What makes a datachain a datachain

The defining property of a datachain is the storage incentive at the consensus level. A datachain's consensus mechanism pays miners or validators to store data, the same way a generic blockchain's consensus mechanism pays them to produce blocks. Storage becomes part of the work the protocol natively rewards.

This single property shapes everything else about how a datachain behaves. Because miners are paid for storage, large data items are economically viable to keep onchain. Because the incentive lives at the protocol level, storage durability comes from the chain itself, with the same consensus guarantees that secure block production. Because the consensus mechanism is doing the storage accounting, applications that depend on durable onchain data have a native chain to build on.

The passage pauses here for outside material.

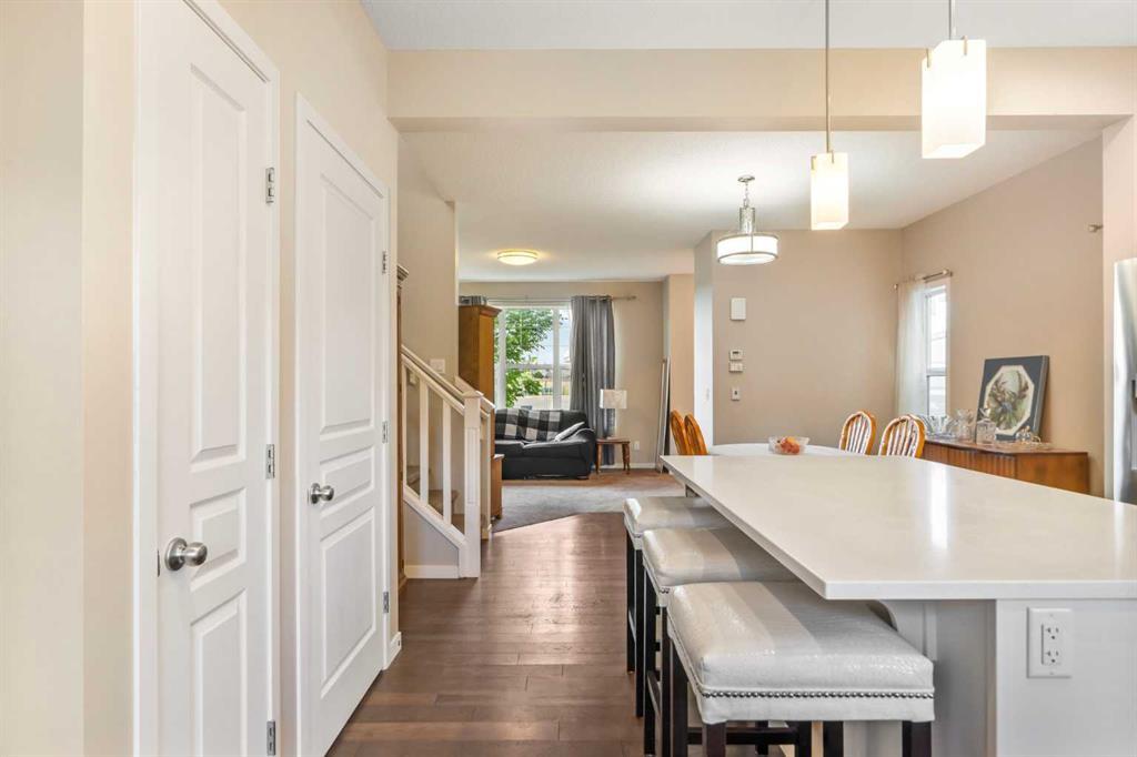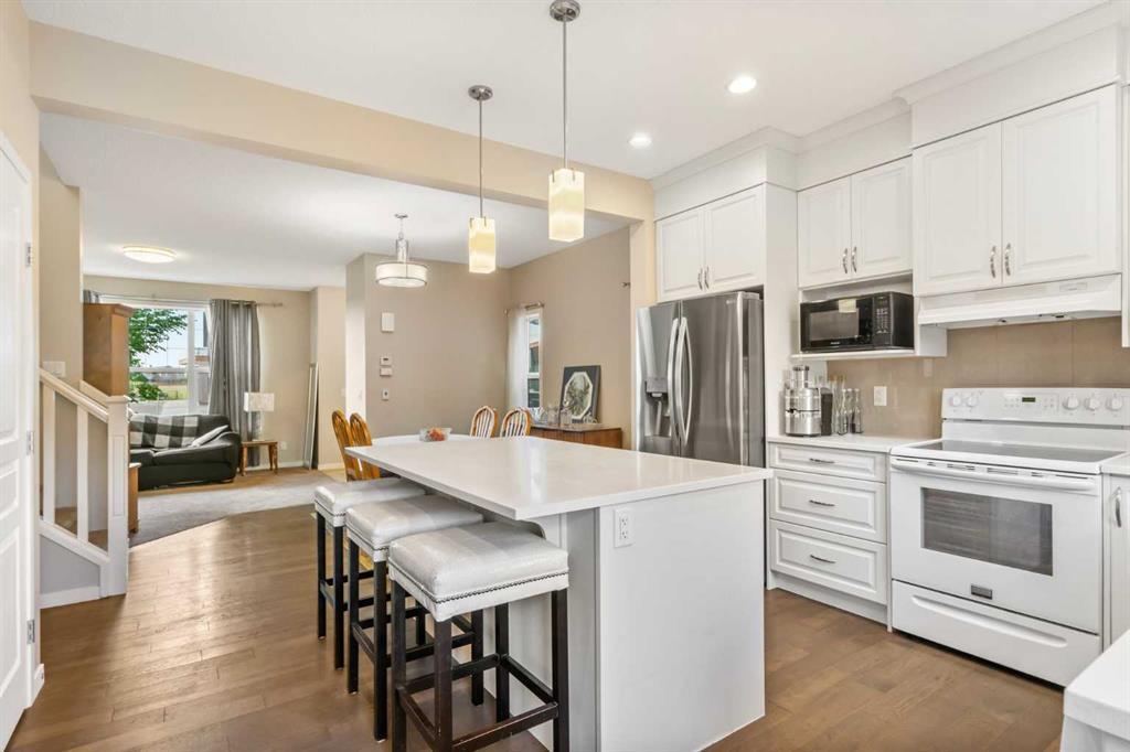*UPDATE* (OPEN HOUSE CANCELLED. SELLER ACCEPTED UNCONDITIONAL OFFER.) OPEN HOUSE!!! SUNDAY JUNE 11 (12-2PM) Welcome to this beautiful well-maintained gem in fantastic Cranston community. This energy efficient home has been rated with 83 ENERGUIDE RATING and has lots of UPGRADES when it was built in 2011. The open floor plan in the main floor includes the carpeted living room and HARDWOOD floors in the dining area and kitchen. This house has HUGE WINDOW in the living room and EXTRA SIDE WINDOWS for more natural and bright lights in the dining room. The kitchen has an UPGRADED CROWN MOULDING white kitchen cabinets and STAINLESS STEEL fridge that has water line and ice maker for your convenience. The sink is oversized with wired and plumbed ready for a future garburator overlooking the backyard garden. The NEW DISHWASHER is also waiting for you. Second level will take you to the primary bedroom with 3 piece ensuite and a walk in closet. Two more good sized bedroom with a shared four-piece bathroom suite and a NEWLY replaced exhaust fan. This house also have an HRV SYSTEM for a better air circulation and a TANKLESS WATER HEATER. The 8'1 FEET CEILING BASEMENT allows for the finishing of the new owner, the washer and dryer are also located there. Roughed in central vac for future use too. The backyard has trees for your privacy and gas line for your summer BBQ's. The OVERSIZED 20x22 double detached garage has 220 conduit in place for future development of your shop and a 5ft cement apron backing onto a paved alleyway where you can legally park a car or a trailer. This awesome community has 5 SCHOOLS: Sibylla Kiddle (K-4), Cranston (K-6), Our Lady of the Rosary (K-9), Christ the King (K-9), Dr. George Stanley (5-9). CRANSTON COMMUNITY HALL gives you an access to: Gymnasium, Multi purpose rooms & Banquet hall. Outdoor rink, Pleasure Pond, Taboggan Hill & Crokicurl Surface. Splash Park, Playground and Mobile Skate Park, Tennis/Pickleball Courts & Basketball Nets. You'll never want to leave Cranston because it also has an easy access to Deerfoot trail and Stoney Trail and very close to South Health Campus, YMCA, Cineplex, shopping areas, banks and restaurants. Book for viewing! This spectacular gem won't last in the market! We are hoping to review all the offers on June 15 Thursday at 7PM. (id:22211)

Different datachains implement the storage incentive differently. Filecoin runs a marketplace where storage providers and clients enter deals with defined terms, and providers prove they are holding the data through Proof-of-Replication and Proof-of-Spacetime. Arweave uses an endowment model designed for permanent storage, with miners earning AR tokens by proving access to randomly recalled historical blocks (Succinct Proofs of Random Access, or SPoRA). Walrus distributes data via Red Stuff erasure coding across storage nodes in the Sui ecosystem and verifies storage through an asynchronous challenge protocol. Irys uses Useful Proof of Work, tying miner rewards to continuous storage proofs at the consensus level. The differences shape what each datachain is best suited to, but the unifying property is the consensus-level reward for storage.

Why this is a distinct category

Datachains are a distinct category because they sit in a gap that generic blockchains, decentralized storage networks, and data availability layers each leave open.

Generic Layer-1 blockchains, including Ethereum and Solana, are optimized for execution. Their consensus mechanisms reward block production and transaction ordering. Storage exists but is treated as a tax on execution. Holding a kilobyte of data in an Ethereum smart contract's state costs thousands of times what holding the same kilobyte on a datachain costs, because Ethereum's consensus mechanism is not paying anyone to keep it there.

Decentralized storage networks without a blockchain, such as IPFS, take a different approach. IPFS is a content-addressed file system that any node can participate in, but it has no consensus mechanism. Nodes can pin or unpin content at will, and the network does not pay anyone to store data. Persistence depends on someone choosing to pin a file, often through a third-party pinning service. IPFS is useful but is not a datachain because there is no protocol-level incentive to store.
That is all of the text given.